L’OAIC s’apprête à importer 50 000 tonnes d’orge

Alors qu’il était censé en exporter

L’OAIC s’apprête à importer 50 000 tonnes d’orge

El Watan, 2 mai 2011

Les prix mondiaux des céréales en général et de l’orge en particulier ont connu de fortes envolées ces quatre derniers mois.

Moins d’une année après avoir annoncé à grand renfort médiatique l’exportation de 11 000 tonnes d’orge, l’Office algérien interprofessionnel des céréales (OAIC) vient de lancer un appel d’offres international pour une importation massive de 50 000 tonnes de ce même produit, dont elle se vantait de détenir d’envahissants surstocks. L’information est donnée par le journal français Les Echos qui s’appuie sur des indiscrétions de spéculateurs en Bourse qui voient en cette opportunité de gros bénéfices à tirer du seul fait de la hausse des prix de l’orge qu’une demande aussi importante va nécessairement générer.

Les prix mondiaux des céréales en général et de l’orge en particulier ayant déjà subi de fortes envolées ces quatre derniers mois en raisons des troubles sociaux qui ont notamment affecté les pays de la rive sud de la Méditerranée, réputés gros consommateurs de céréales, il est évident que l’Algérie payera l’orge qu’elle s’apprête à importer beaucoup plus cher que celui qu’elle avait exporté.
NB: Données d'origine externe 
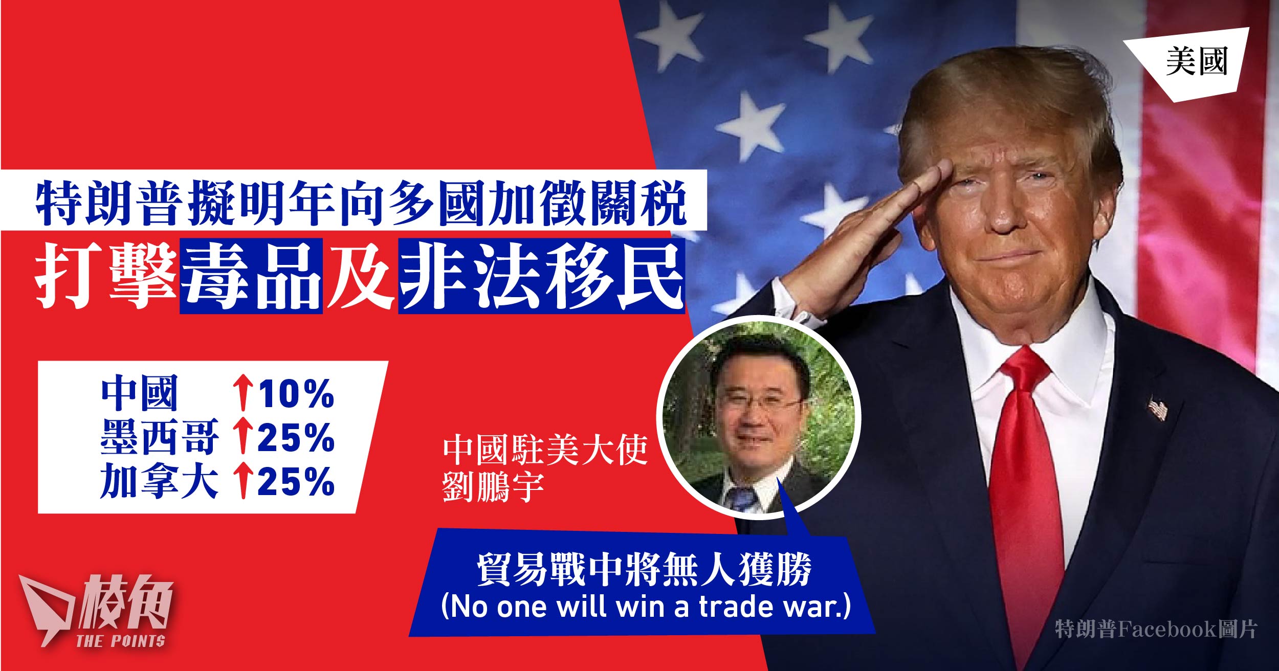 早前當選美國總統特朗普周一(25日)宣布,上任向多國加徵關稅,包括對中國進口商品加徵10%關稅,以打擊非法藥物流入;及對墨西哥和加拿大的所有進口商品加徵25%關稅,逼使兩國落實措施阻止非法移民。中國駐美國大使館回應加稅消息,形容貿易戰及關稅戰不利任何一方,又強調中方已加強禁毒措施,批評美方的指控與現實不符。
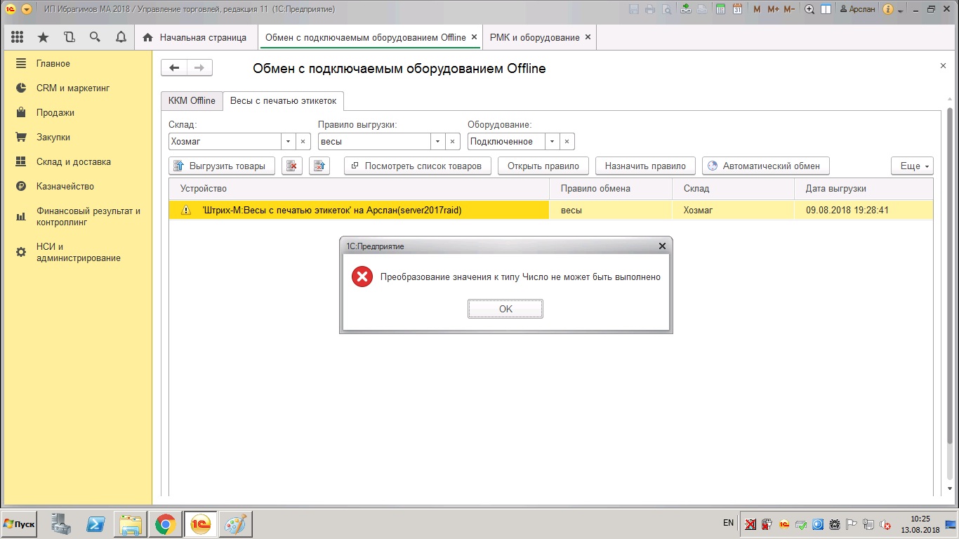 Ошибка при выгрузке товаров в весы с печатью штрих кодов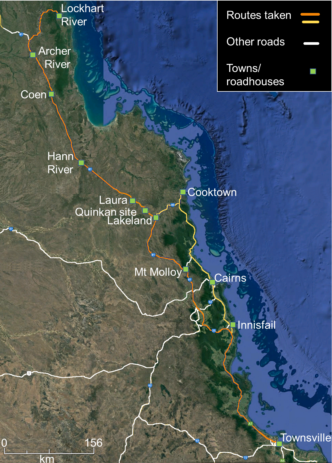 We camped at roadhouses, the rainforest site at Iron Range, pub at Laura, caravan park at Atherton, and visited Black Mountain near Cooktown.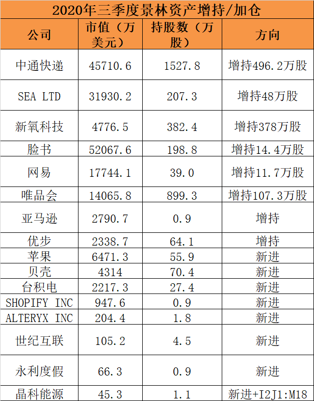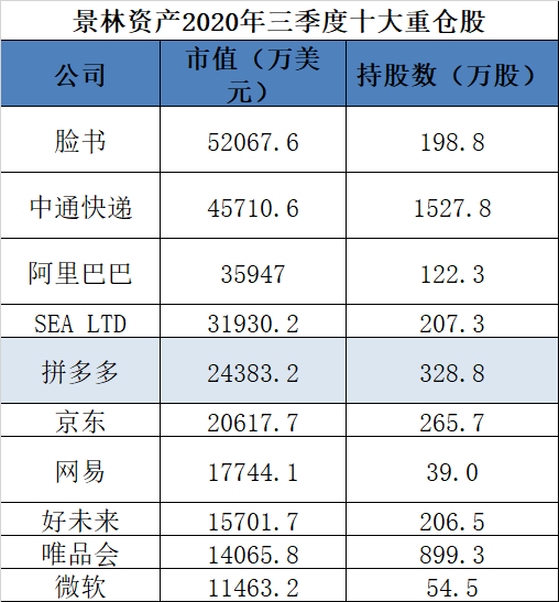 中通快递则颇受景林看好,三季度疯狂加仓近500万股至1528万股,持有市值4.57亿美元(近30亿元人民币),跃升为景林资产在美股第二大重仓股。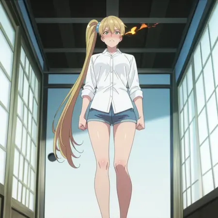 KireiShirt, 흰 셔츠, 드레스 셔츠, 칼라 셔츠, 파란 청바지, 짧은 반바지, 다리 노출,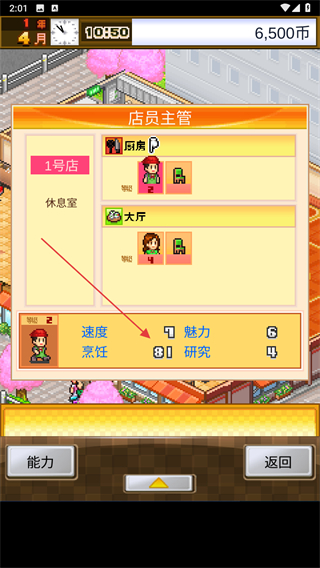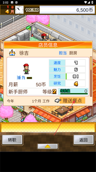 3、點(diǎn)擊店員可以贈(zèng)送餐點(diǎn)進(jìn)行店員的能力和等級(jí)的提升,或是點(diǎn)擊下方的轉(zhuǎn)職按鈕進(jìn)行轉(zhuǎn)職。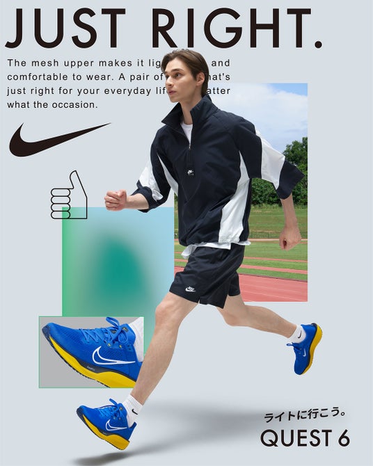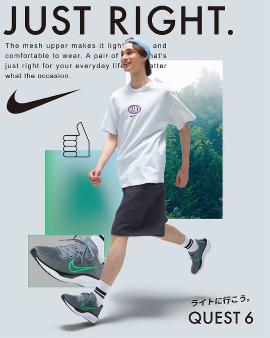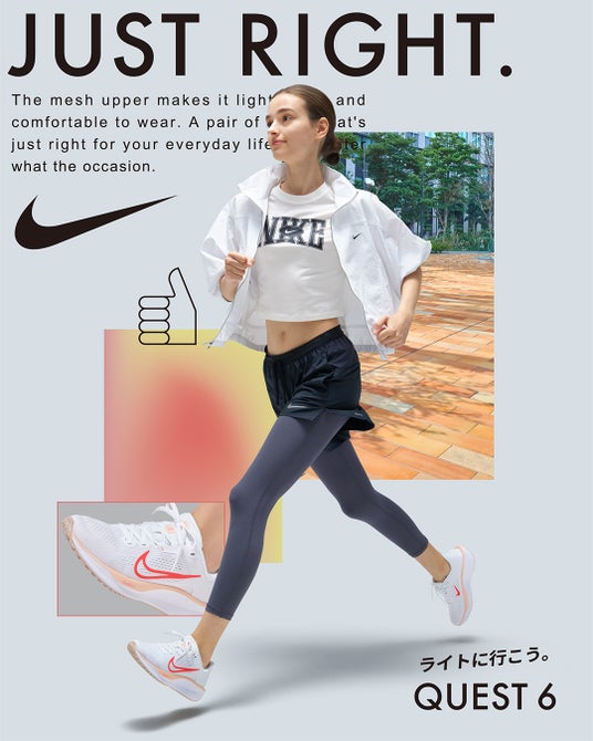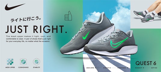 「ライトに行こう。JUST RIGHT.」をコンセプトに"ちょうどいい"機能性とデザインが日常にフィットするスポーツシューズ NIKE QUEST 6 新ビジュアル公開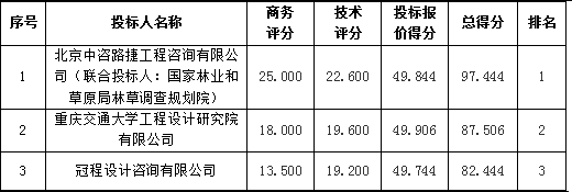 第一中标候选人 | 北京中咨路捷工程咨询有限公司(联合投标人:国家林业和草原局林草调查规划院) | ||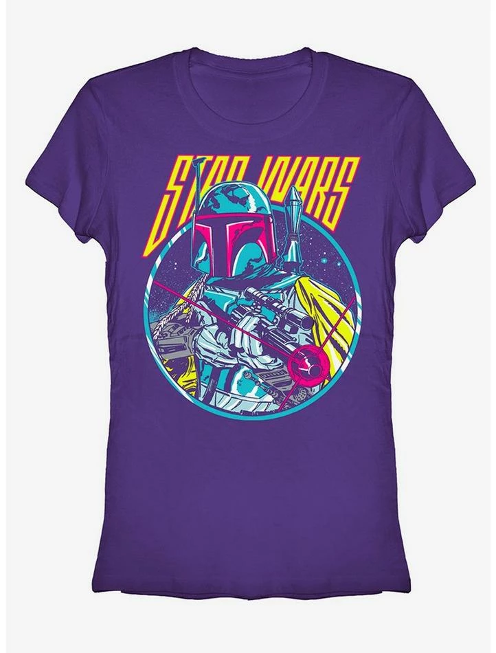 Check out the galaxy’s top bounty hunter in action with the Star Wars Boba Fett Blaster Purple T-Shirt. This expert gunman is shown wielding a blaster on the front of a fitted purple graphic tee, with “Star Wars” printed above. 100% Cotton. Runs small, size up.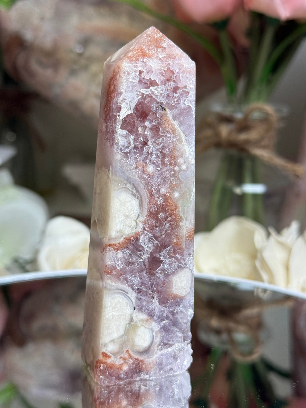 This Pink Flower Agate tower features rich, saturated blush-pink tones with subtle natural banding that make it truly stand out. At 4 inches tall, it’s polished to a smooth, glossy finish that enhances its depth of color and natural beauty.

A quoi est dû cet inexplicable revirement qui va à contre-courant du discours triomphaliste distillé aussi bien par les responsables du ministère de l’Agriculture que par les dirigeants de l’OAIC qui se vantaient d’exporter, pour la première fois dans l’histoire de l’Algérie indépendante, une aussi importante quantité de céréales ? S’étaient-ils basés sur de fausses statistiques de production et de stocks ou cherchaient-ils seulement un coup d’éclat médiatique pour redorer le blason d’un secteur dont on commençait à se plaindre des maigres retombées des gigantesques capitaux publics engloutis dans les budgétivores programmes du PNDA ?

Le plus troublant est qu’au moment où l’OAIC passe commande d’orge à l’étranger, les agriculteurs algériens sont nombreux à se plaindre que leur production soit boudée par cet Office, qui a pourtant l’obligation de privilégier, chaque fois que possible, la production nationale. Dans pratiquement toutes les régions à vocation céréalière, des fellahs désabusés se sont plaints à qui de droit (UNPA, Chambres d’agriculture, directions départementales de l’agriculture, OAIC, etc.) des stocks d’orge qu’on leur a injustement laissé sur les bras.Alors qu’on pensait que l’Algérie était irréversiblement engagée dans une dynamique d’exportation d’orge portée par une production excédentaire, cette information vient nous rappeler à l’évidence que nos décideurs ne maîtrisent pas grand-chose des statistiques agricoles. Les décisions qu’ils prennent, comme c’est le cas pour l’orge, mais également pour tous les produits agricoles stockés au nom d’une prétendue action de régulation qui ne génère en réalité que des pénuries, courent alors le risque d’être inopérantes et contre-productives sur le terrain.